INSTRUCTIONS FOR THE TASK: Return only the lines of the data below from the line with "① 首の部分を持って体の前に強く引き、首ひもを切る" up to and including the line with "Momento de la", exactly as written, with the pictures omitted.

DATA EXTRACT:
* * * * *

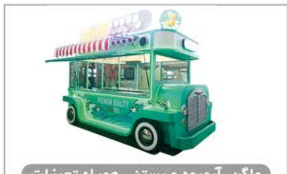
واگن آبمیوه و بستنی همراه تجهیزات
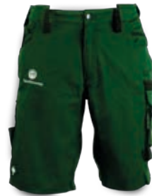
Engelbert Strauss Short e.s.motion Herren Artikelnummer: 110003
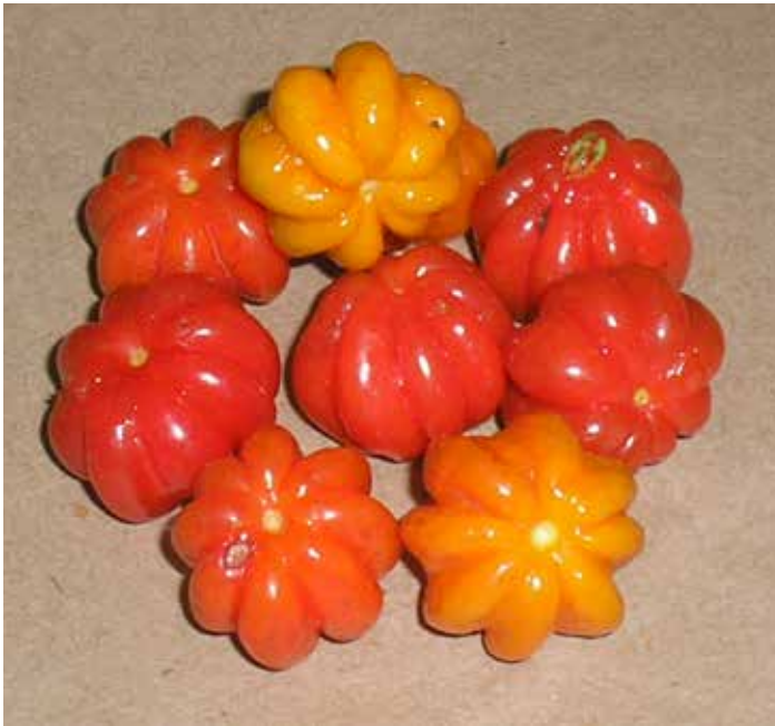
FIGURA 4 - Frutos de pitanga, cultivar Tropicana.

prática, a produtividade inicial e intermediária será bem maior, não havendo nenhum prejuízo na população do pomar a ser formado.
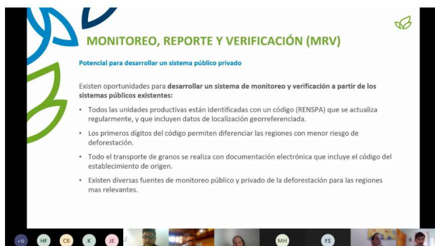
Figura 8 – Oportunidades de desenvolvimento de um sistema de monitoramento e

Com a finalização da contextualização do monitoramento, reporte e verificação na Argentina, reservou-se um momento para que as empresas pudessem comentar suas experiências em relação ao tema na sua cadeia de fornecimento de soja. Neste momento, algumas empresas se dispuseram a comentar suas experiências em relação ao tema, entre elas Cargill e Proforest. Os pontos colocados serão apresentados mais adiante neste relatório, na seção Principais Comentários e Sugestões.
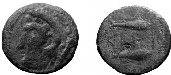
Fig. 3 Moeda romana com caracteres púnicos e cabeça de Hércules, cunhada em Salácia (Alcácer do Sal), século II aC, encontrada no povoado de Vidais – Marvão
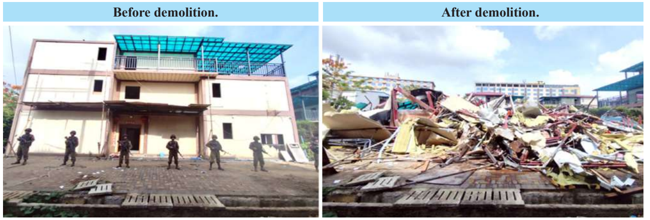
An illegal building used for operating online gambling that was destroyed with heavy machinery in the Shwe Kokko area, Myawaddy District, Kayin State.
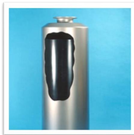
Enghreifftiau o wastraff ymbelydrol uwch ei actifedd (ILW ac HLW)
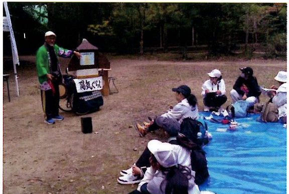
▲今回初めて紙芝居を楽しんでもらいました
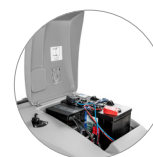
Легкий доступ для обслуживания
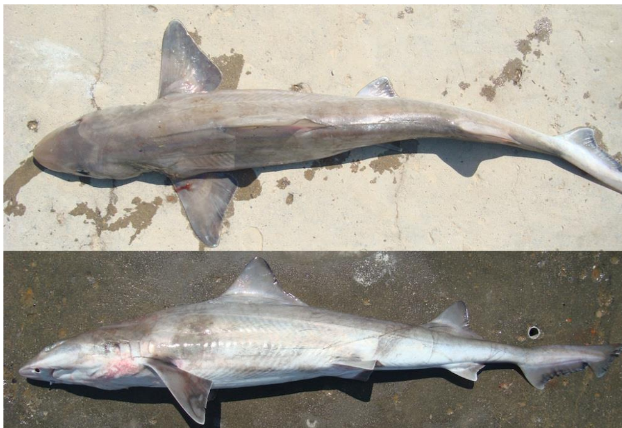
Vista dorsal y lateral de Mustelus whitneyi , Tumbes, Perú.
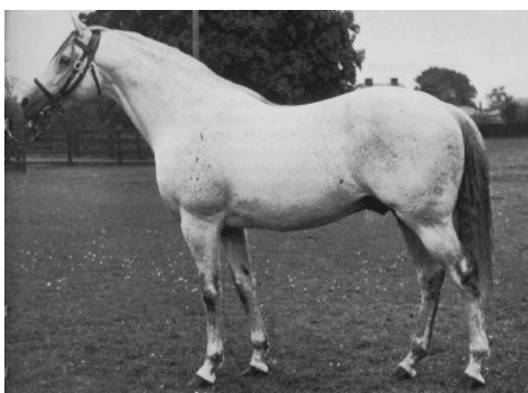
Grey Sovereign (Sprinter)

Weitaus am meisten Hengste finden wir in der gegenüberstehenden Liste in der klassischen Distanzgruppe „C“, weil in den letzten Jahrzehnten das Zuchtziel Derby mit 2,400 m überall auf der Welt im Mittelpunkt stand.
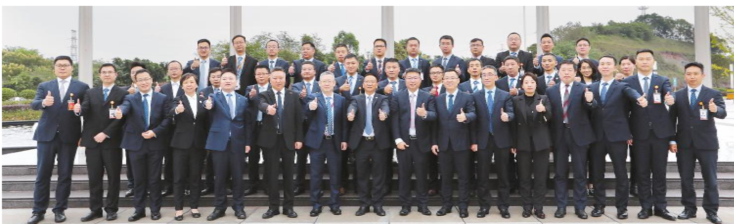
2021年10月16日,通威太阳能与永祥股份开展对标学习交流合影留念

目前,5G的高带宽、低时延、抗干扰在金堂基地厂区得到大力应用,基地5G室内IGV规划数量超1000台,其中一期已上线220台,网络时延低至20ms,正逐步实现IGV、工业机器人和PLC等工业设备全面互联。此外,室外无人叉车也在稳步推进之中。随着5G商用的进一步开展,智能化应用已经在通威太阳能金堂基地逐步开展,真正实现物料供应管理、生产监控与设备管理互联化、智能化。
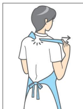
① 首の部分を持って体の前に強く引き、首ひもを切る
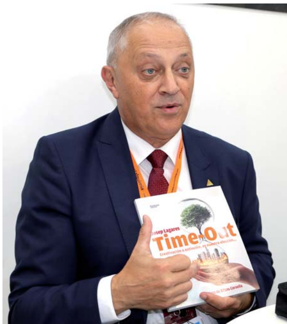
Momento de la presentación del libro Time-Out durante la pasada edición de IFFA con motivo de la tradicional rueda de prensa de Metalquimia en la que se muestran los lanzamientos de la compañía.

Sí. Al final del libro expongo otra visión que hace tiempo me hace reflexionar. Hay autores como Imma Martínez, por ejemplo, que en su obra La quinta revolución industrial , asegura que la conquista del espacio se va a convertir en la mayor expansión industrial en este siglo. A esta visión, ¡le he sumado un ejercicio de creatividad con otras muchas más cosas que conozco, derivando en un relato acerca de la colonización de un exoplaneta... pero hasta ahí puedo leer!
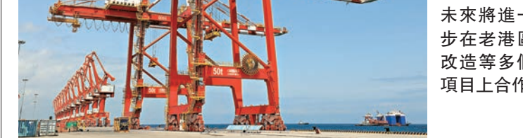
▲DMP碼頭開港是吉布提發展的里程碑，招商局與吉布提未來將進一步在老港區改造等多個項目上合作

DMP碼頭總投資額為5.8億美元，經過近兩年半的建設，該碼頭於今年2月完工，年設計散雜貨吞吐能力為708萬噸，集裝箱吞吐能力20萬標箱。吉布提地處亞丁灣西岸，面對紅海南大門曼德海峽，是國際主要航線的必經之海峽，可輻射東非、中東、紅海及印度西岸地區。DMP碼頭擁有高效的現代化設備，招商局港口冀該碼頭能發揮區域競爭優勢，打造東非航運中心。

* * * * *

YOUR RESPONSE:
① 首の部分を持って体の前に強く引き、首ひもを切る
Momento de la presentación del libro Time-Out durante la pasada edición de IFFA con motivo de la tradicional rueda de prensa de Metalquimia en la que se muestran los lanzamientos de la compañía.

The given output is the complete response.